Uruguayan actress and singer (born 1977)

Natalia Marisa Oreiro Iglesias (/es/; born 19 May 1977) is a Uruguayan actress, singer, songwriter, model, television presenter and fashion designer. She began her career in telenovelas but since 2008 she has switched to work primarily in films. Oreiro has worked on social awareness shows and events for organizations like Greenpeace and UNICEF, the latter of which designated her as ambassador for Argentina and Uruguay in September 2011.

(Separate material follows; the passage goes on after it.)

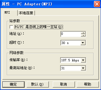 PG/PC端口也設(shè)置成了 PC Adapter MPI。 那你在屬性項目中設(shè)置為什么?比如傳輸率等。 |

Her starring role as Milagros Espósito on Muñeca Brava (1998–99) brought her widespread international fame, particularly in Central and Eastern Europe, the former Soviet republics, and Israel, where her popularity endured following the telenovela’s run, which has been rebroadcast multiple times. She has also embarked on several tours and special performances in these regions. The term "Oreiromania" was coined to describe the fan frenzy surrounding her. She has been featured in Esquire magazine's "The Sexiest Woman Alive" list.

As a film actress, Oreiro debuted with a starring role in An Argentinian in New York (1998) and went on to receive a Silver Condor nomination for the comedy-drama Music on Hold (2009). She solidified her status as a leading lady with the historical dramas Clandestine Childhood (2011) and The German Doctor (2013), both of which were shortlisted for the Academy Awards, as well as the comedy-drama Miss Tacuarembó (2010) and the romantic comedies My First Wedding (2011) and Super Crazy (2018). She has also starred in films such as I'm Gilda (2015), Expiration Date (2023), and The Woman in Line (2025).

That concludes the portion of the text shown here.